3) Competent service by trained technicians
Today’s cars are more complex than ever and “do-it-yourself” work can result in botched repairs or (or worse, improperly done service that accelerates wear and tear). Make sure the person under the hood knows what they’re doing — and avoid the temptation to fiddle with things yourself unless you understand what you’re doing and have the right tools to d the job.
4) Driving style
This last one’s often the deal breaker. Frequent full-throttle starts, late (and hard) braking, throwing the car around corners — it’s all lots of fun, but in addition to killing your gas mileage and prematurely wearing out your tires, it also means a shorter life for your engine, transmission, brakes, suspension parts and so on. Smooth, steady driving will extend the life of all these components — and the car as a whole. You’ll also save on gas and tires.
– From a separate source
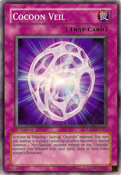 Activate only by Tributing 1 face-up "Chrysalis" monster. This turn, any effect damage to a player becomes 0. Special Summon 1 "Neo-Spacian" monster written on the "Chrysalis" monster you Tributed, from your hand, Deck or from either player's Graveyard.

A few parting suggestions:
If you have a manual transmission, engage the clutch smoothly — without “riding” it (which will wear it out faster.)
Do not hold the clutch in while idling at a light; this places excess strain on it — which can lead to early failure. Instead, depress the clutch, put the transmission in neutral and wait for the light to change. Then engage the clutch, put the vehicle in gear and drive on.
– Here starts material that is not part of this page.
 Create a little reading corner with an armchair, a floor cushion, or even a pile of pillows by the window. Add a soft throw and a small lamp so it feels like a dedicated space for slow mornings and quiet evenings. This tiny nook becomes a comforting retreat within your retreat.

If you have an automatic transmission use the parking brake when leaving the vehicle.
Throwing it into “Park” without first applying the paring brake can put excess strain on the transmission, lock it in gear, and can even cause expensive damage that will require a tow.
If you have a a truck or SUV with part-time four-wheel-drive, avoid engaging the 4WD on dry, smooth pavement.
Never, ever engage the 4WD Low setting (or differential lock) on dry, paved roads. (If you have a vehicle with AWD, the system will adjust itself automatically for given conditions.)
Use the proper grade of fuel specified by the manufacturer.
Even though modern cars can self-adjust for lower-octane fuel (preventing damage from “knocking” that might otherwise occur) you’ll still suffer decreased mileage and lower performance as a consequence. Also, off-brand fuels may not have the same amount of detergents and fuel system additives of name-brand gas. Avoid filing up at out-of-the-way stations, where old (or water-laced) fuel may be a problem.